§ Exercise prompt:
Give back the full listing exactly, setting the pictures aside.
>>>>>
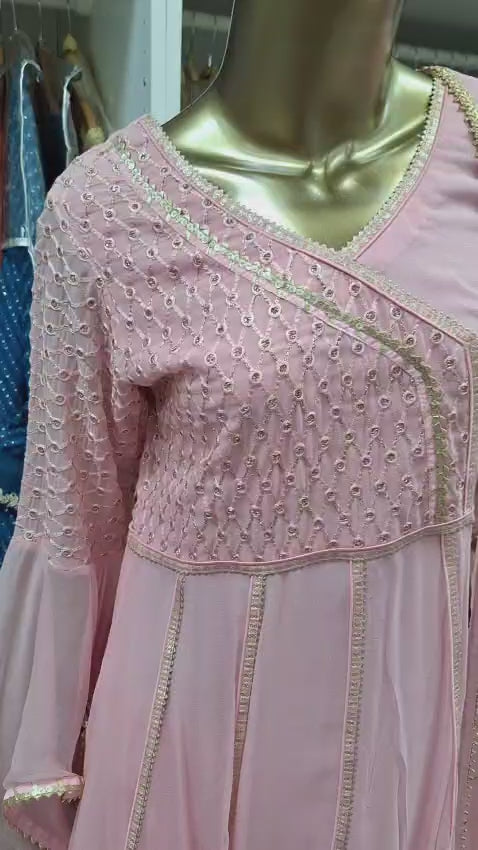 Embrace the beauty of pastels with this blush pink ensemble — where grace meets charm. This soft pink outfit is perfect for a festive day or an evening soiree.
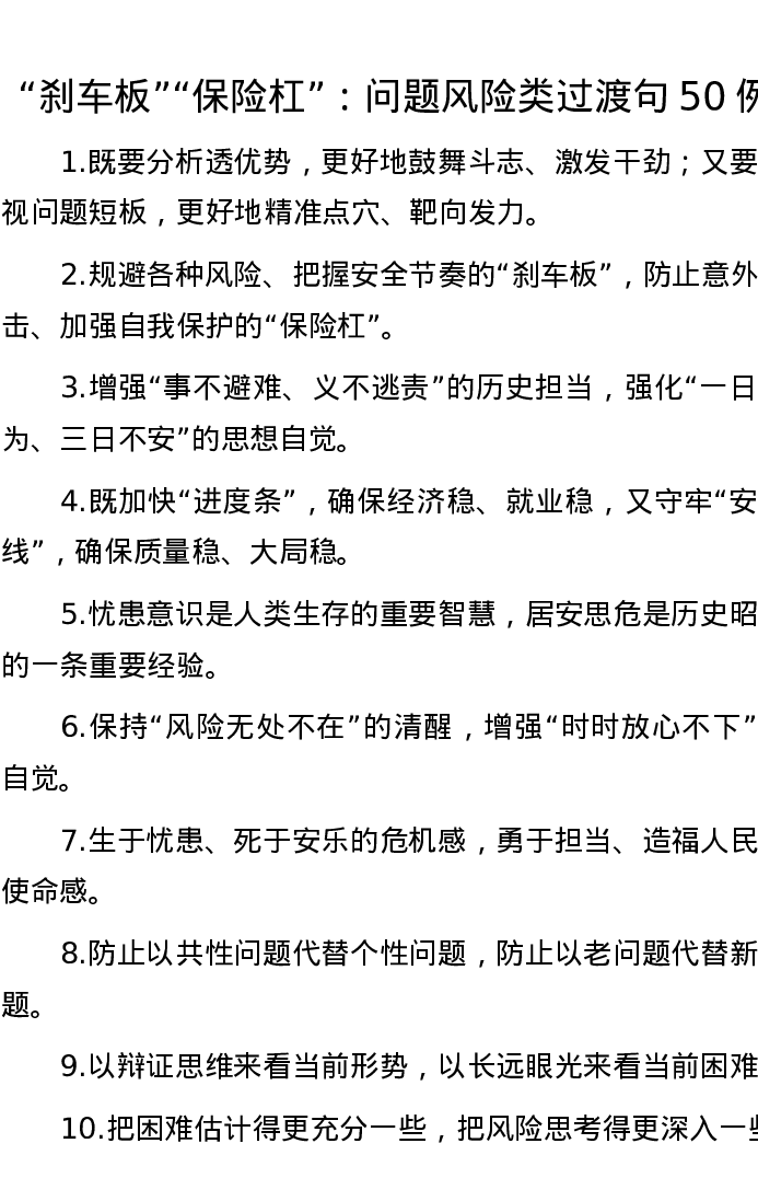 20220910【写作素材】“刹车板”“保险杠”:问题风险类过渡句50例
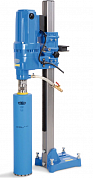 Установка алмазного бурения Keos KS-350 сверлит алмазными коронками отверстия в бетоне, железобетоне, кирпиче, асфальте и других материалах
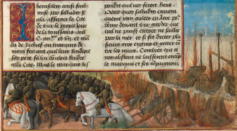 Existe un manuscrito del siglo XV, iluminado con espectaculares secuencias referidas a batallas acontecidas, en las que el mar tiene un protagonismo importante. Se escribió en Francia entre los años 1472 y 1475. Su autor, un clérigo francés, lo redactó por encargo de Louis de Laval, señor de Châtillon.
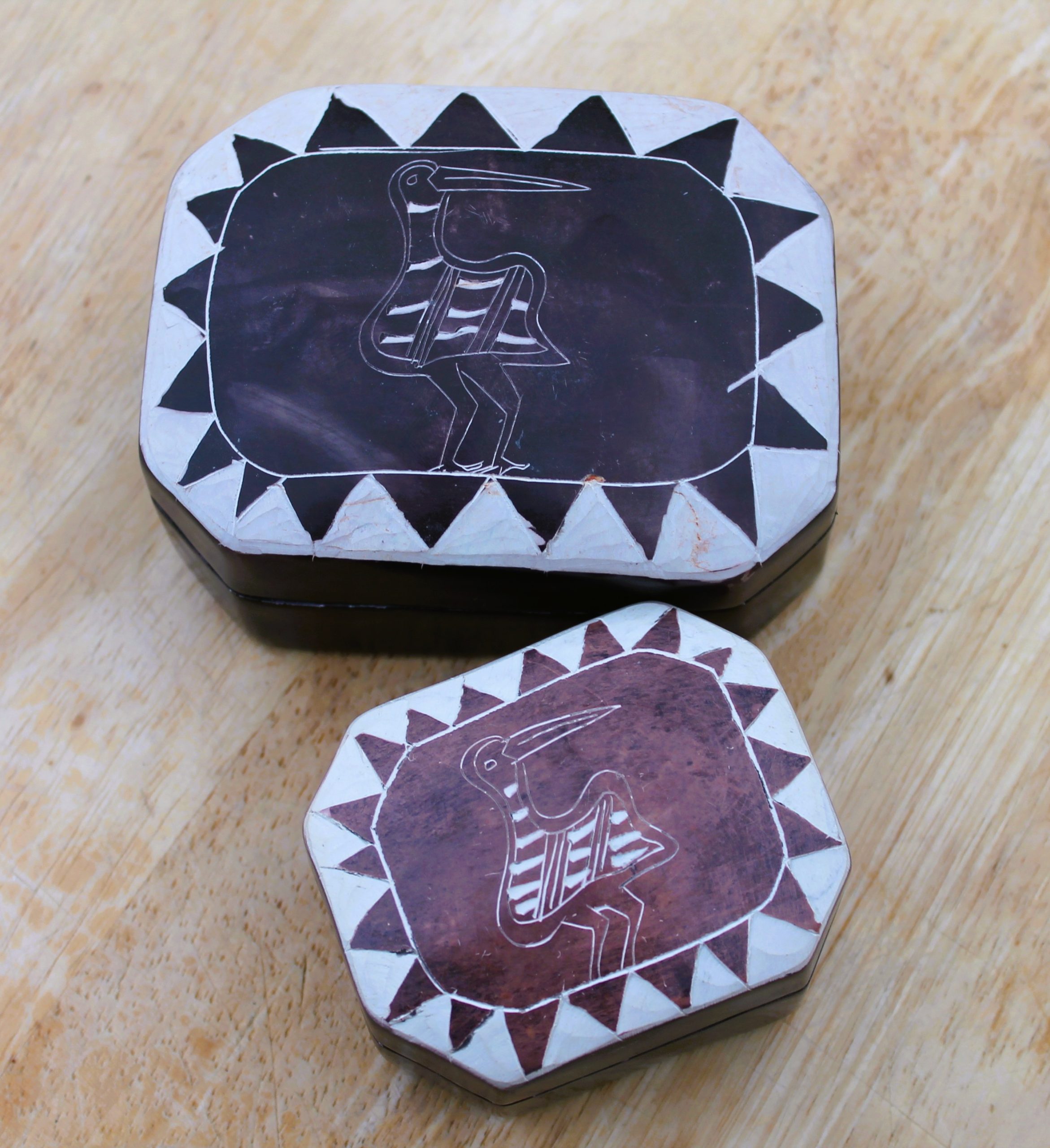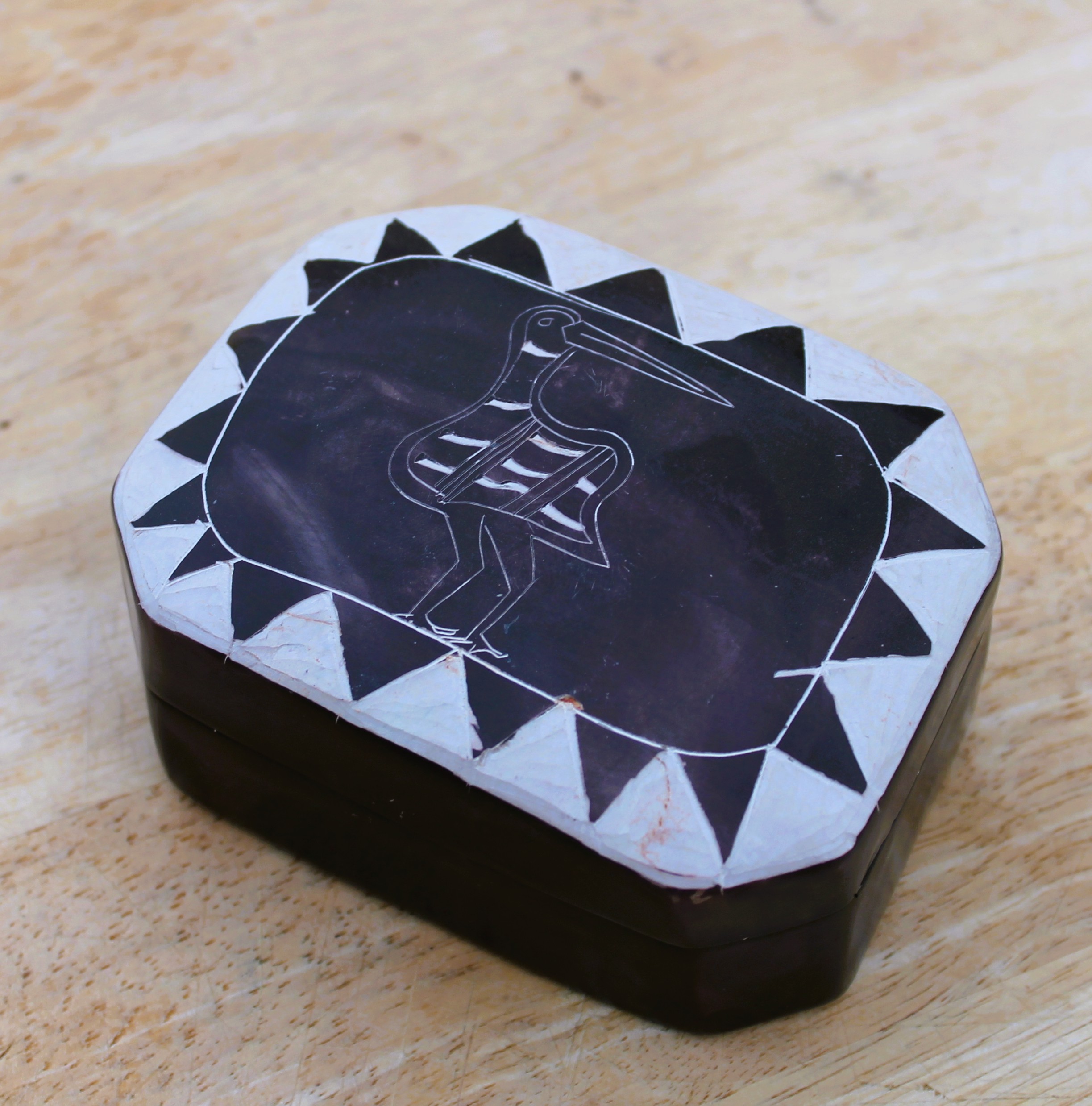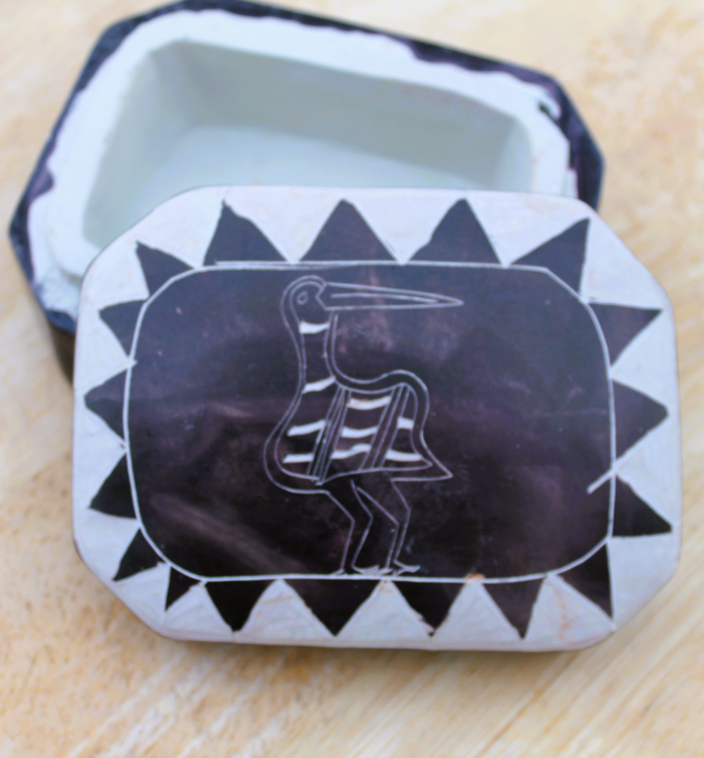 Boîte (à bijoux ou à clefs, vide-poche) en pierre à savon, motif animalier
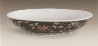 說 明: 此種裝飾源于康熙時期的墨地素三彩,雍正時與粉彩結(jié)合,形成一種新的裝飾紋樣,比較少見.
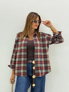 CAMICIA LADY A QUADRI BORDEAUX
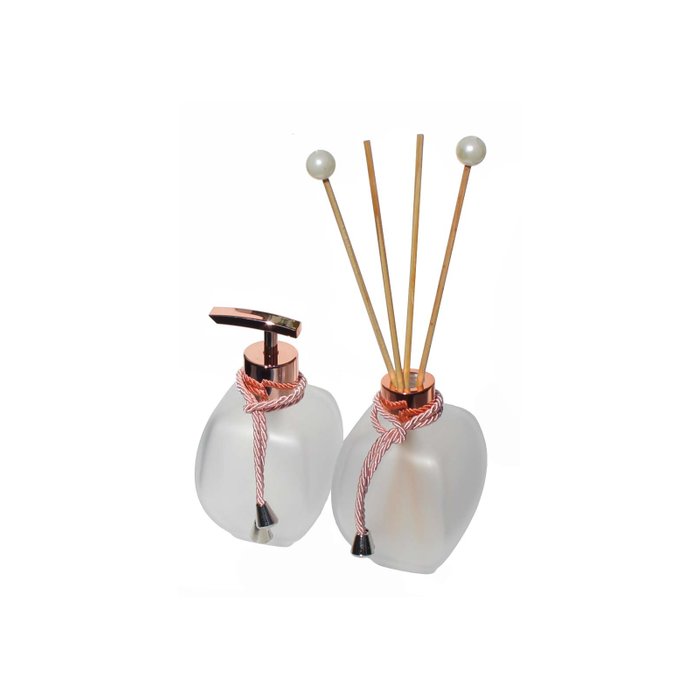 Kit Saboneteira Difusor Vidro 300ML Válvula Luxo Pia Lavabo:Rose Rose
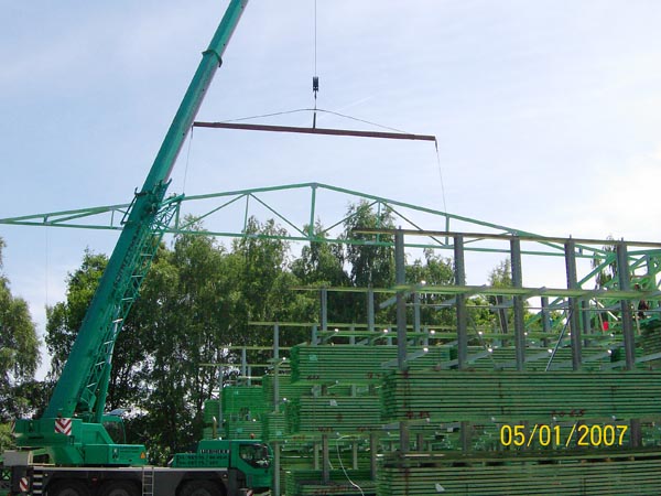 Lieferung, Richten und Fertigmontage einer Gross-Lagerhalle.
<<<<<
§ Solution to this problem:
 Embrace the beauty of pastels with this blush pink ensemble — where grace meets charm. This soft pink outfit is perfect for a festive day or an evening soiree.
 20220910【写作素材】“刹车板”“保险杠”:问题风险类过渡句50例
 Установка алмазного бурения Keos KS-350 сверлит алмазными коронками отверстия в бетоне, железобетоне, кирпиче, асфальте и других материалах
 Existe un manuscrito del siglo XV, iluminado con espectaculares secuencias referidas a batallas acontecidas, en las que el mar tiene un protagonismo importante. Se escribió en Francia entre los años 1472 y 1475. Su autor, un clérigo francés, lo redactó por encargo de Louis de Laval, señor de Châtillon.
 Boîte (à bijoux ou à clefs, vide-poche) en pierre à savon, motif animalier
 說 明: 此種裝飾源于康熙時期的墨地素三彩,雍正時與粉彩結(jié)合,形成一種新的裝飾紋樣,比較少見.
 CAMICIA LADY A QUADRI BORDEAUX
 Kit Saboneteira Difusor Vidro 300ML Válvula Luxo Pia Lavabo:Rose Rose
 Lieferung, Richten und Fertigmontage einer Gross-Lagerhalle.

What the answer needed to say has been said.